Hanover, 01.10.2024 | It is anticipated that the AI market in Europe will reach a value of approximately 42 billion euros by the end of 2024, representing a near doubling of the market value from 2020. The market is then forecast to grow further, reaching a value of over 190 billion euros by 2030 (Statista Analysis). In 2021, just 8% of European companies were utilising AI technology. However, experts believe this figure had doubled by early 2023. In certain sectors, AI adoption could be even more significant, with up to 75% of companies utilising AI solutions. The accelerated pace of development is compelling many companies to maintain continuous engagement with emerging technologies and their associated regulations.
European legislators are facing challenges in keeping pace with the rapid developments in AI. In 2021, we examined the initial draft of the Artificial Intelligence Act (AI Act) in our Compact on ‘Artificial Intelligence in Europe’. The aim of the Regulation was to provide a framework for the responsible use of AI systems in the EU, with a view to minimising the associated risks. Following the introduction of ChatGPT in November 2022, it became evident that the draft from April 2021 was already out of date. The final version of the AI Act was published on 12 July 2024 and came into force on 1 August 2024.

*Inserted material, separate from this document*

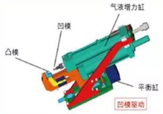 一般凸模驅動鉚接過程為凸模從上側厚板零件沖向下側薄板零件,而在零件制造過程中,厚板零件放置在下側時,需采用凹模驅動裝置,即氣液增力缸驅動上部薄板側凹模下行,保證凸凹模與板料貼合,而凸模沖壓下部厚板側板料進入凹模的動作需要采用平衡缸帶動整個槍體運動補償完成。平衡缸的設置也直接影響鉚點的底厚,平衡缸設置不合理容易產(chǎn)生鉚點底厚不達標,或鉚點周圍表面出現(xiàn)凹坑的現(xiàn)象,影響鉚接零件質量。凹模驅動設備如圖6所示。
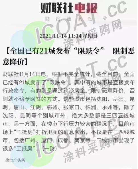 ?2021年即將迎來尾聲,在“維穩”信號持續釋放,“限跌令”快速鋪開的形勢下,樓市已經出現“暖陽”,涂料行業也似乎看到了久違的曙光。而這樣的利好能否持續,讓房地產產業鏈的涂料、化工等行業度過“至暗時刻”,涂料行業又能否再次迎來火爆的訂單潮,值得我們拭目以待。

Artificial Intelligence in Europe: The AI Act
Ulrich Herfurth, attorney at law in Hanover and Brussels, Sara Nesler, Mag. iur. (Torino), LL.M. (Münster)

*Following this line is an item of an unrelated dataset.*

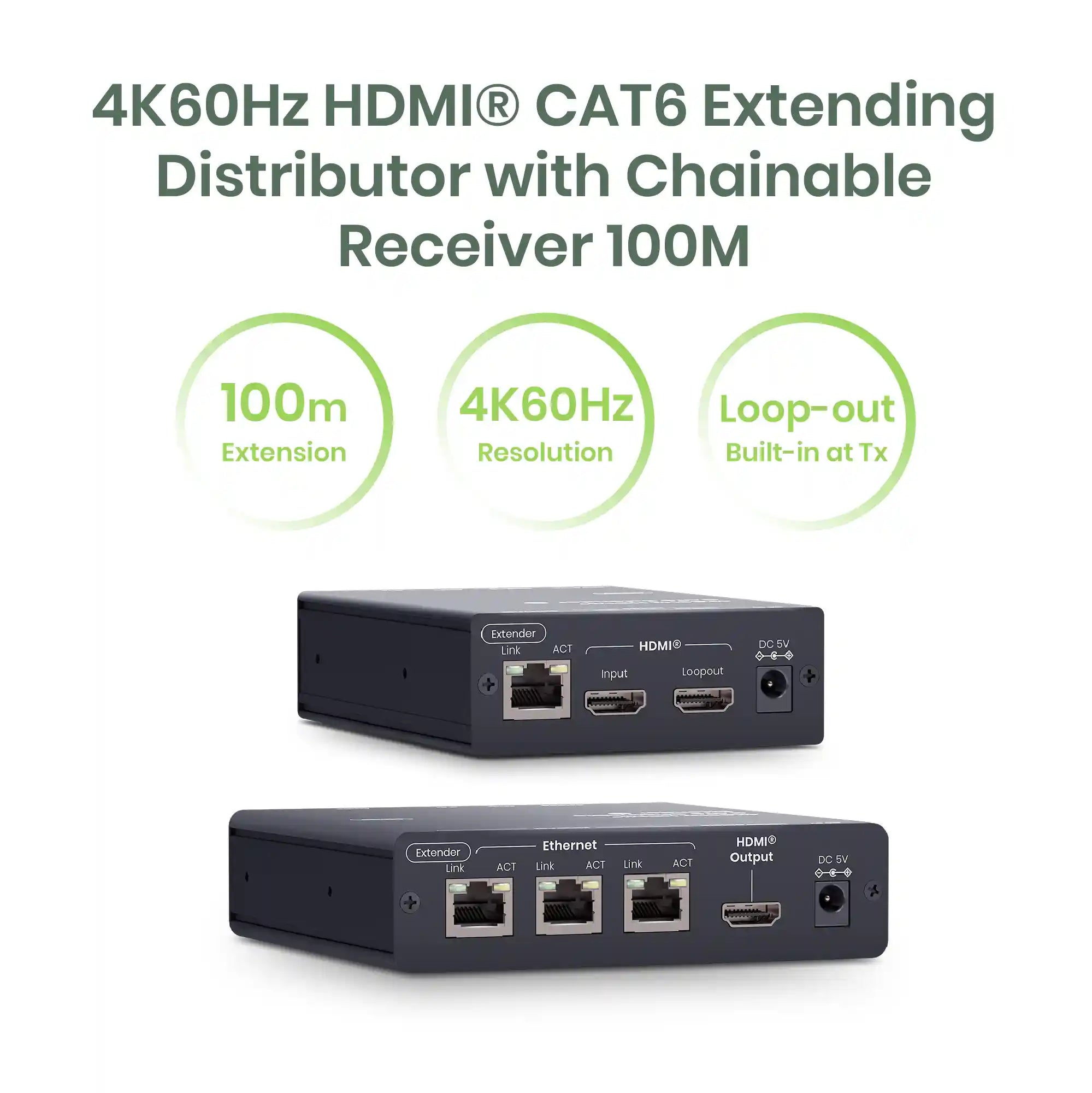 4K60Hz HDMI® CAT6 Extending Distributor with Chainable Receiver 100M – TAA Compliant (RX)

Scope of application of the AI Act
Definition of AI system
The term ‘AI system’, which is the central element of the Regulation, was the subject of intense debate during the legislative process, as many parties feared that it was vague. Ultimately, an AI system was defined as „a machine-based system that is designed to operate with varying levels of autonomy and that may exhibit adaptiveness after deployment, and that, for explicit or implicit objectives, infers, from the input it receives, how to generate outputs such as predictions, content, recommendations, or decisions that can influence physical or virtual environments”.

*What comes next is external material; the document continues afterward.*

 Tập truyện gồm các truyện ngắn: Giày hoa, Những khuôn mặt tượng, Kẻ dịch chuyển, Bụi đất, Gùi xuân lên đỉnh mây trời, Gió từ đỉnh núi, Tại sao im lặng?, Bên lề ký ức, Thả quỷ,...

It is to be welcomed that this definition corresponds almost literally to the OECD definition, which was updated in 2023. Ultimately, what distinguishes an AI system from software is that AI has a degree of independence from human intervention and the ability to operate without human intervention. This criterion was already included in the April 2021 draft. If there is any doubt as to whether a system is AI, it is recommended that, as a precaution, it should be assumed that it is AI.
Personal scope of application
The entire value chain of AI systems is affected, both in the private and public sectors. The obligations of the AI Act are primarily aimed at the providers of AI systems, partly at the operator and only selectively at the importer, distributor, authorised representative, the notified body (an independent organisation responsible for the assessment and certification of AI systems) or the end user.
Geographical scope of application
To ensure comprehensive protection, the scope of the Regulation also extends to providers and operators of AI systems established in a third country or located in a third country if the output generated by the AI system is used in the Union (Art. 2 para. 1 lit. c AI Act).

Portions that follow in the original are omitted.